═════ Source material

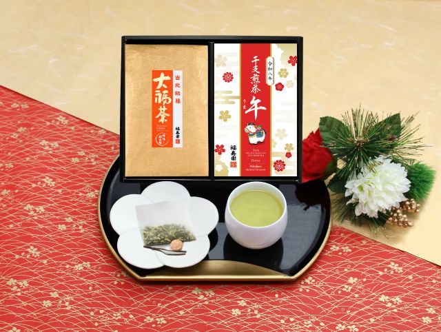 福寿園「干支煎茶・大福茶詰合せ(干支煎茶50g、大福茶かりがね[3g×10袋、福梅・福昆布×各10個])」(3,348円)
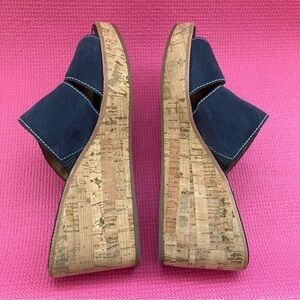 Bernardo Women's Kara Wedge Cork Sandal Size 10 Color Blue Suede
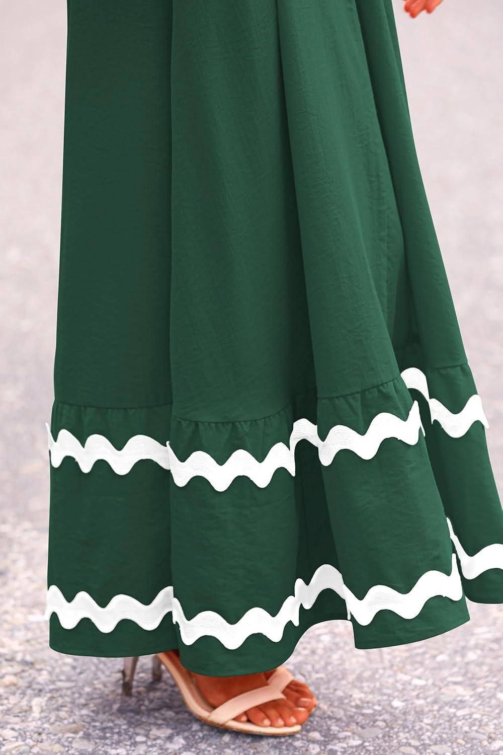 PRETTYGARDEN Women's 2025 Summer Flowy Maxi Dress Casual Sleeveless Spaghetti Strap Ruffle Beach Long Dresses(Dark Green)

══════════

* _Try it_:
Omit the pictures, then print the rest of the listing above exactly.

* _Exercise result_:
 福寿園「干支煎茶・大福茶詰合せ(干支煎茶50g、大福茶かりがね[3g×10袋、福梅・福昆布×各10個])」(3,348円)
 Bernardo Women's Kara Wedge Cork Sandal Size 10 Color Blue Suede
 PRETTYGARDEN Women's 2025 Summer Flowy Maxi Dress Casual Sleeveless Spaghetti Strap Ruffle Beach Long Dresses(Dark Green)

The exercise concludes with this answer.